What the task asks —
Retype all the entries word for word, but omit the pictures.

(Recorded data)
==================================================

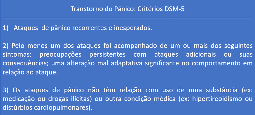A repetição do quadro sintomático nos fazer pensar que não estamos diante de episódios pontuais de ataque de ansiedade, mas sim de um quadro de Transtorno do Pânico, que, de acordo com o DSM-V, apresenta os seguintes critérios:
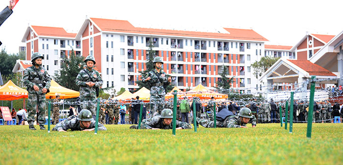 本次竞赛有来自在昆高校的39支代表队的近2000人参加,在三天时间内完成了军事理论考试、单兵战术、五公里越野、精度射击、定向运动等多个科目的竞赛和分列式汇报表演。新葡萄8883官网AMG由武装部副部长吴向东带队,组织了经济学院、社管学院、人文学院、学特学院、体育学院、医学院162名2016级新生参加了此次军事技能竞赛。
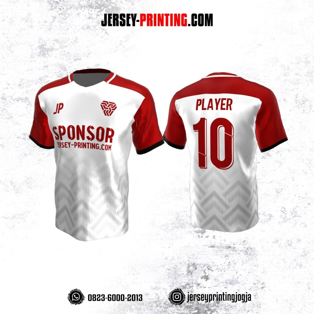 Jersey Atasan Badminton Volly Lari Futsal Putih Merah Abu-abu Motif Seamless
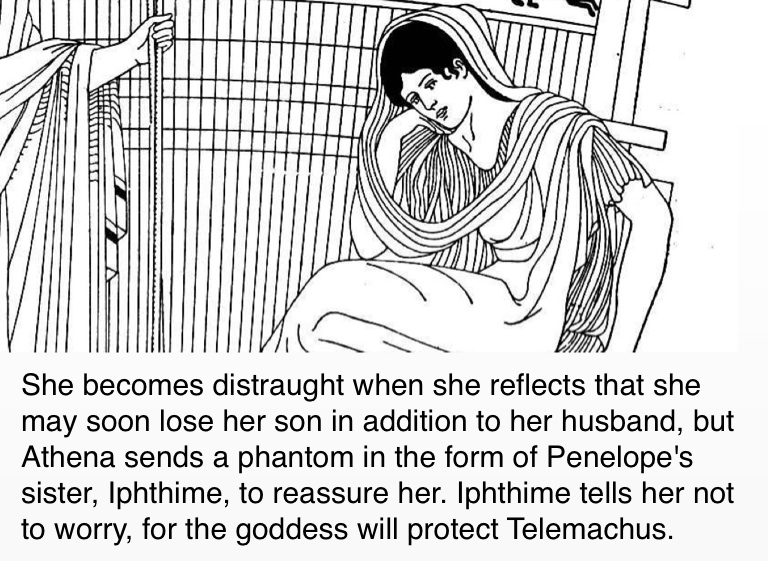 She becomes distraught when she reflects that she may soon lose her son in addition to her husband, but Athena sends a phantom in the form of Penelope's sister, Iphthime, to reassure her. Iphthime tells her not to worry, for the goddess will protect Telemachus.
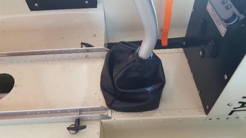 Installed the optional throttle guide plates on top of the throttle assemblies. Installed the boots on the control sticks. Finished wiring the right wingtip light and installed both tip lights using rivnuts.
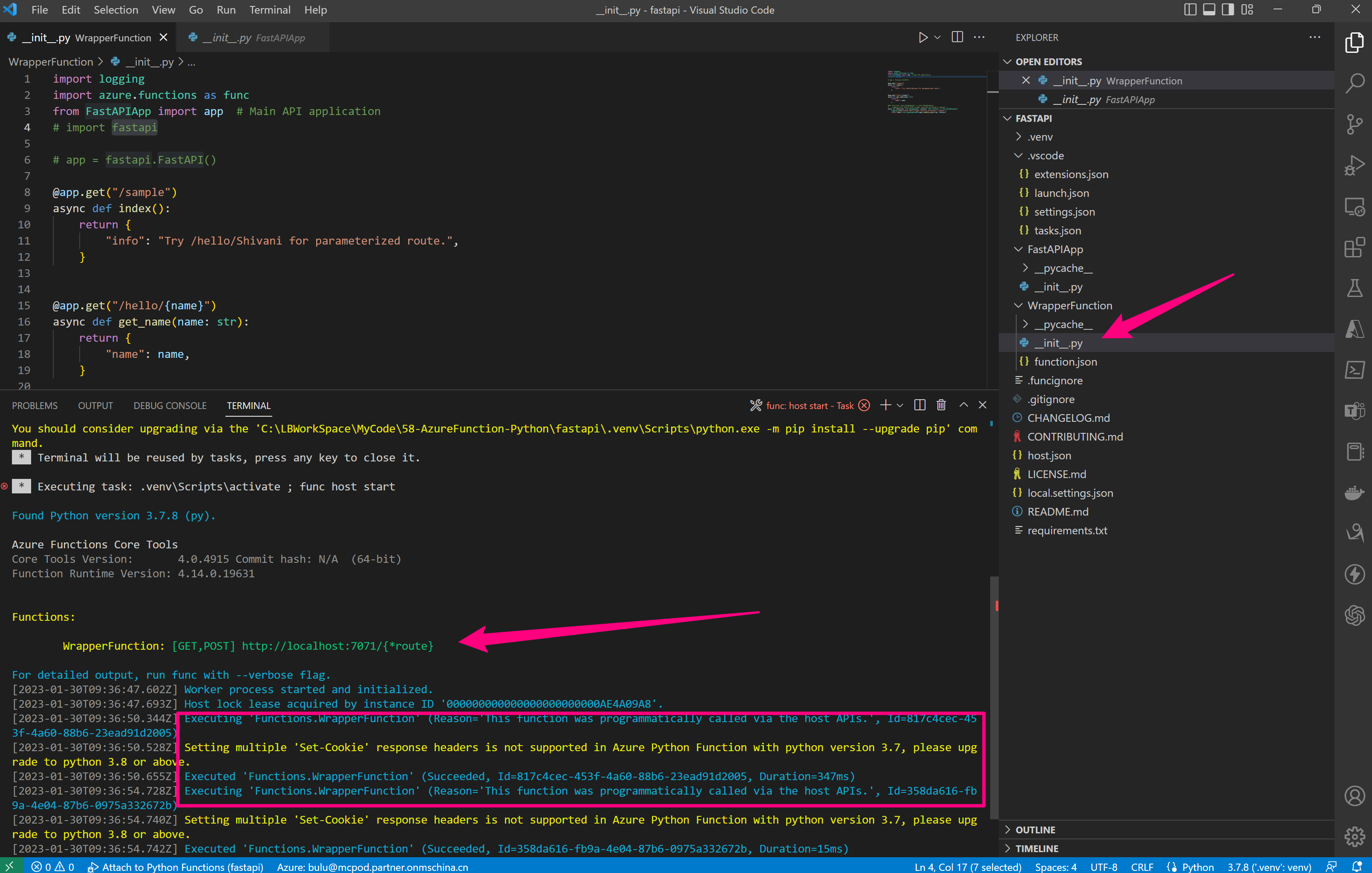 参考文档“Using FastAPI Framework with Azure Functions”, 使用FastAPI 模块在Function中实现API请求。通过VS Code本地运行成功。

==================================================

Solution to this exercise —
A repetição do quadro sintomático nos fazer pensar que não estamos diante de episódios pontuais de ataque de ansiedade, mas sim de um quadro de Transtorno do Pânico, que, de acordo com o DSM-V, apresenta os seguintes critérios:
 本次竞赛有来自在昆高校的39支代表队的近2000人参加,在三天时间内完成了军事理论考试、单兵战术、五公里越野、精度射击、定向运动等多个科目的竞赛和分列式汇报表演。新葡萄8883官网AMG由武装部副部长吴向东带队,组织了经济学院、社管学院、人文学院、学特学院、体育学院、医学院162名2016级新生参加了此次军事技能竞赛。
 Jersey Atasan Badminton Volly Lari Futsal Putih Merah Abu-abu Motif Seamless
 She becomes distraught when she reflects that she may soon lose her son in addition to her husband, but Athena sends a phantom in the form of Penelope's sister, Iphthime, to reassure her. Iphthime tells her not to worry, for the goddess will protect Telemachus.
 Installed the optional throttle guide plates on top of the throttle assemblies. Installed the boots on the control sticks. Finished wiring the right wingtip light and installed both tip lights using rivnuts.
 参考文档“Using FastAPI Framework with Azure Functions”, 使用FastAPI 模块在Function中实现API请求。通过VS Code本地运行成功。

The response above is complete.